**Prompt:** Please write out exactly the line containing "Čikariečiai jiems tiesė raudonus kilimus." below and every line after it, through the last one, but leave out any pictures.

**Input data:**
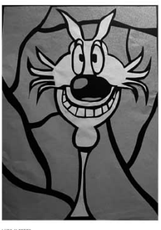
LAST MINUT | 19 | LUPO ALBERTO
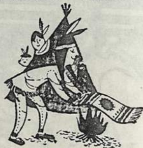
Čikariečiai jiems tiesė raudonus kilimus.
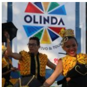
Praça Maxambomba recebe público para comemoração ao Dia do Frevo
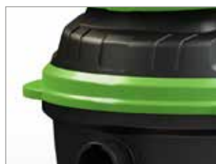
PROTECTION LATÉRALE CONTRE LES PORTES ET LES MURS

**Answer section:**
Čikariečiai jiems tiesė raudonus kilimus.
Praça Maxambomba recebe público para comemoração ao Dia do Frevo
PROTECTION LATÉRALE CONTRE LES PORTES ET LES MURS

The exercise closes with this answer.